Study material →
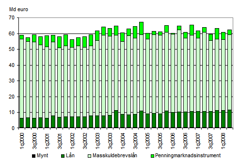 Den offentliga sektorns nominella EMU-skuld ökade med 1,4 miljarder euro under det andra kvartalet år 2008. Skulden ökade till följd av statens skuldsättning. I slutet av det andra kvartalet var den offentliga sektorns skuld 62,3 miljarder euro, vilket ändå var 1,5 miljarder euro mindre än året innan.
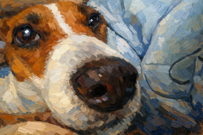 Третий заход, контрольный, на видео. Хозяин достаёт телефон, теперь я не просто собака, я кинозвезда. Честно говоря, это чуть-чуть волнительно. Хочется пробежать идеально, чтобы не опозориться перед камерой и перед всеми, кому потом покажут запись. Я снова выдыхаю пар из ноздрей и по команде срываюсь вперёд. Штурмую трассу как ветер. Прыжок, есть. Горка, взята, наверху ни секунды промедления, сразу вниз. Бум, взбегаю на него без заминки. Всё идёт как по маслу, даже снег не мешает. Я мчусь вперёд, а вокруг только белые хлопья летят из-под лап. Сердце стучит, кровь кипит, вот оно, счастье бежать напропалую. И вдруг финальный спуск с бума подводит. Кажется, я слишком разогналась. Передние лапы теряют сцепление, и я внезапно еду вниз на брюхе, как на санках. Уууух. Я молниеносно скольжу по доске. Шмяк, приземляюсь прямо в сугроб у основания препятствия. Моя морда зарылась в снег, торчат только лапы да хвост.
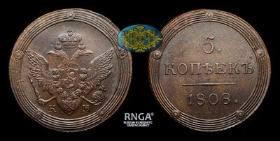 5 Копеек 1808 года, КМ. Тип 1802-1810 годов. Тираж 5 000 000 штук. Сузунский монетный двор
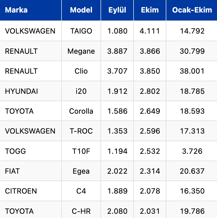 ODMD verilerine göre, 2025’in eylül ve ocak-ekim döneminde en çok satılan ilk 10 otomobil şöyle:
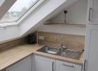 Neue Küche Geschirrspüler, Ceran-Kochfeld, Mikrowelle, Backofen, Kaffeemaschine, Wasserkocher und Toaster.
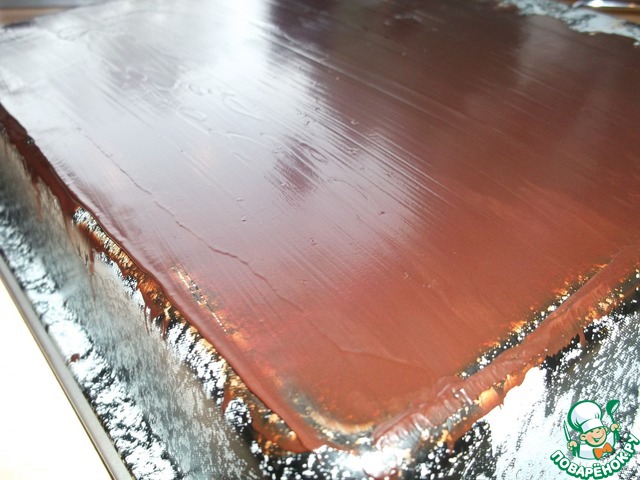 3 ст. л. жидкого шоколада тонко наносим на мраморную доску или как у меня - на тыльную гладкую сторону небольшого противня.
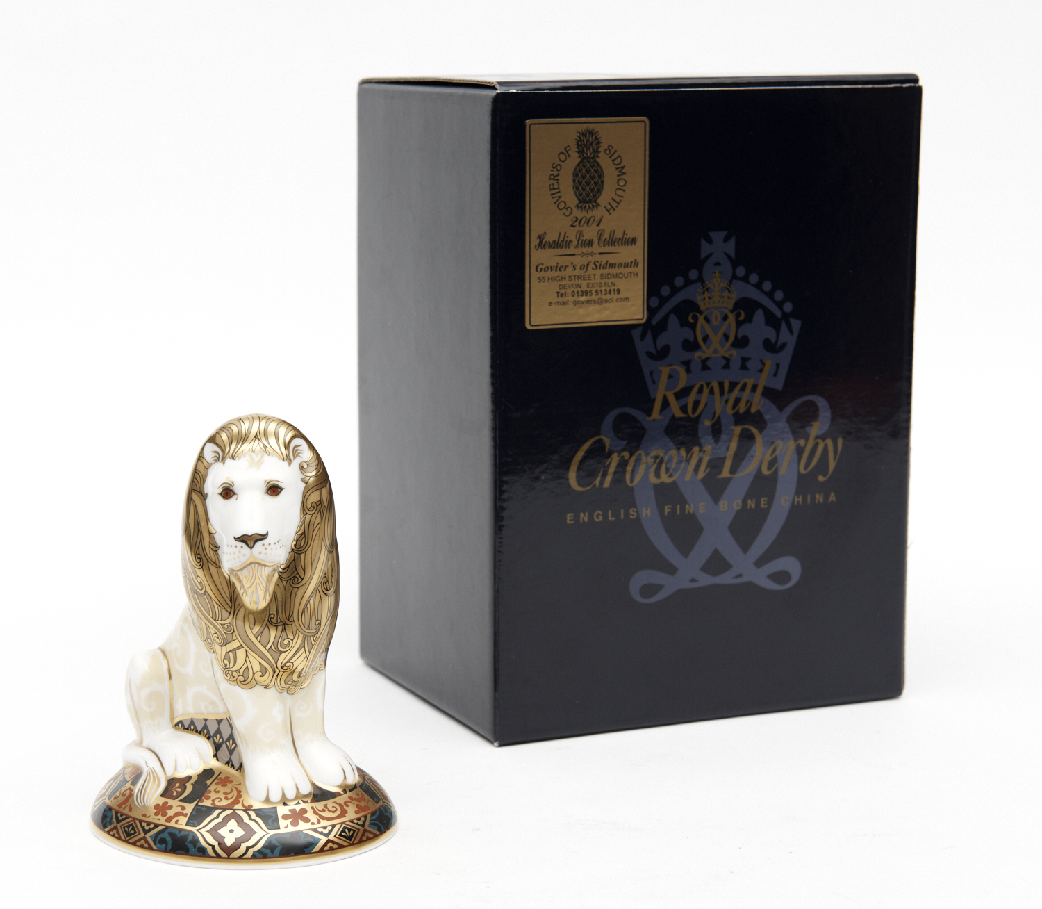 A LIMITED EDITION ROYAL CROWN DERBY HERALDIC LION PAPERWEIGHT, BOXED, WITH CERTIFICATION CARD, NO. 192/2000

What is required → From the listing above, print every entry precisely and drop the pictures.

Answer box →
 Den offentliga sektorns nominella EMU-skuld ökade med 1,4 miljarder euro under det andra kvartalet år 2008. Skulden ökade till följd av statens skuldsättning. I slutet av det andra kvartalet var den offentliga sektorns skuld 62,3 miljarder euro, vilket ändå var 1,5 miljarder euro mindre än året innan.
 Третий заход, контрольный, на видео. Хозяин достаёт телефон, теперь я не просто собака, я кинозвезда. Честно говоря, это чуть-чуть волнительно. Хочется пробежать идеально, чтобы не опозориться перед камерой и перед всеми, кому потом покажут запись. Я снова выдыхаю пар из ноздрей и по команде срываюсь вперёд. Штурмую трассу как ветер. Прыжок, есть. Горка, взята, наверху ни секунды промедления, сразу вниз. Бум, взбегаю на него без заминки. Всё идёт как по маслу, даже снег не мешает. Я мчусь вперёд, а вокруг только белые хлопья летят из-под лап. Сердце стучит, кровь кипит, вот оно, счастье бежать напропалую. И вдруг финальный спуск с бума подводит. Кажется, я слишком разогналась. Передние лапы теряют сцепление, и я внезапно еду вниз на брюхе, как на санках. Уууух. Я молниеносно скольжу по доске. Шмяк, приземляюсь прямо в сугроб у основания препятствия. Моя морда зарылась в снег, торчат только лапы да хвост.
 5 Копеек 1808 года, КМ. Тип 1802-1810 годов. Тираж 5 000 000 штук. Сузунский монетный двор
 ODMD verilerine göre, 2025’in eylül ve ocak-ekim döneminde en çok satılan ilk 10 otomobil şöyle:
 Neue Küche Geschirrspüler, Ceran-Kochfeld, Mikrowelle, Backofen, Kaffeemaschine, Wasserkocher und Toaster.
 3 ст. л. жидкого шоколада тонко наносим на мраморную доску или как у меня - на тыльную гладкую сторону небольшого противня.
 A LIMITED EDITION ROYAL CROWN DERBY HERALDIC LION PAPERWEIGHT, BOXED, WITH CERTIFICATION CARD, NO. 192/2000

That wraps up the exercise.